Following a crossover with the Teen Titans in Teen Titans (vol. 3) #16 and the Teen Titans/Legion Special, a new Legion of Super-Heroes series was launched; written by Mark Waid (who had previously rebooted the title following the events of Zero Hour) and penciled by Barry Kitson. This new series recreated the team from the beginning and used the Boy/Lad/Girl/Lass/Kid codenames which the end of the original continuity and the prior reboot continuity had moved away from using.

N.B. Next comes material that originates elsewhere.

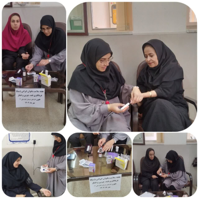 هفته سلامت بانوان ایرانی ۲۴ لغایت ۳۰ مهر ماه گرامی باد غربالگری قند، چربی و فشار خون کارکنان دبستان امام علی علیه السلام به مناسبت هفته سلامت بانوان ایرانی توسط خانم غلامرضایی مراقب سلامت با همکاری مرکز جامع سلامت خور
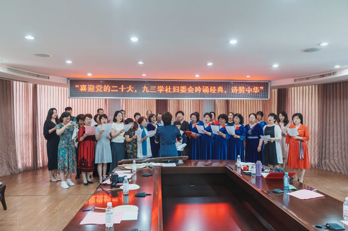 最后,全体演职人员集体合诵《鹿鸣》,并合唱《我和我的祖国》。朗诵现场大家热情澎湃,激情高涨,点燃了九三人永远跟党走、同心同向为国家贡献青春和力量的坚定信心和志向。 社青岛市委会副主委王霞在总结发言中感谢妇委会等专委会和基层组织牵头组织的这么有意义的活动,感谢社员们百忙中牺牲休息时间积极参加,踊跃表演。搭建这样的平台,社员们可以在演出中陶冶情操、传承经典,推广优秀传统文化,为文化强国贡献力量。(社青岛市委会 纪香清 刘晓琳 杨晓梅 李颖 宋金枝)

Initial issues of this series reintroduced the characters and provided new and divergent origins for them. Most characters resembled their previous counterparts in costume and powers, with the most notable exceptions including Chameleon Boy, now called simply Chameleon and depicted as an androgynous creature, Star Boy, who in this version of the Legion is black, Colossal Boy, who is now a giant who shrinks to human size, and Phantom Girl, who exists in two universes at once and has conversations with people in her own dimension while talking to Legionnaires at the same time.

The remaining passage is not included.